Shell to get Ox flat-pack prototype to India

    The durable and light all-terrain truck can be built within 12 hours; comes with a 99hp 2.2-litre diesel engine and six-speed gearbox.

    Published On Apr 16, 2018 06:00:00 AM

    6,775 Views

    Oil and gas giant Shell will be bringing the prototype of the world’s first flat-pack truck to India from the UK for demonstrations. It can be built up quickly and is targeted at emerging markets.

    The Ox, revealed in driving prototype form in 2016, was being financed through crowdfunding. The money was used to make modifications to the first version, including a new, more hard-wearing gearbox, powertrain tweaks, a more powerful cooling system, more durable steering components and a 200mm extension to the truck's wheelbase to make it perform better off-road.
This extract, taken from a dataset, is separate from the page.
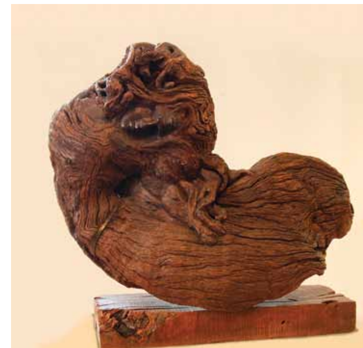
Мордовский республиканский музей изобразительных искусств им. С.Д. Эрзи. Саранск

    Now, oil and gas giant Shell has helped to move the project forward by ordering a bespoke example to India, where it will demonstrate the vehicle's abilities – which include carrying payloads of up to 1,900kg or seating up to 13 people – with the intention of drawing in potential customers.

    "The Ox to India demonstration will have the concept validated and discussed on the ground in a real-world setting. We know limited mobility in hard-to-reach communities in developing economies can restrict access to basic services and limit the effectiveness of efforts to improve quality of life," said Huibert Vigeveno, executive vice president of Shell Global Commercial.

    The Ox was conceived as an extremely durable, all-terrain light truck specifically for remote parts of Africa and other developing areas, such as those in India.

    The Ox is about the same length as the Ford Focus but can carry almost two tonnes — twice as much as any car-based pick-up truck. Its central-seat, cab-forward design leaves load space for eight 44-gallon drums, three standard pallets or 10 people on bench seats that can double as sand ladders (three more can sit in the front). The tailgate detaches to form a ramp, up which drums can be rolled or a loading crew can walk. The chassis is a steel ladder with bonded-in wooden panels to provide torsional rigidity.

    The mechanicals, including the 99hp 2.2-litre four-cylinder diesel engine and six-speed gearbox, are taken from the Ford Transit van. The all-coil, all-independent suspension uses simple, long-travel steel leading arms in front and trailing arms behind, and the suspension parts are identical side to side.

    At first, the Ox was demonstrated with a simple front-wheel drive layout, which saves weight and complication, but four-wheel drive versions are possible. However, the Ox has better ground clearance and shorter overhangs than most pure off-roaders and early testing in rough and muddy terrain has returned such good results that the partners question the early need for four-wheel drive.

    The truck's body parts — mostly flat panels in ultra-durable coated plywood — are also identical side to side, as are the seats and flat windscreen pieces. The entire cab section is designed to fit, before assembly, inside the chassis rails in such a way that an Ox doesn’t even need to be crated-up for shipping. Six Ox kits, complete with engines, fit into a standard 40ft container. A team of three can assemble one in less than 12 hours, needing no special tools.

    Driving the Ox

    The surprises start early. You’d expect extreme crudity in a flat-pack vehicle with no interior trim whatsoever, and you get it. But you also get surprising sophistication.

    Sure, this isn’t the quietest vehicle you’ll ever ride in, but for strength, traction, stability and a flat and level ride — the things that matter — the Ox is really remarkably good, even when carrying a one-tonne test payload.

    You sit very high and very close to the nose, which takes some getting used to, and there’s zero side support in the non-adjusting bench seat, but the steering is accurate, the gearbox feels familiar (although the first and second ratios should be closer) and that Transit motor packs plenty of torque.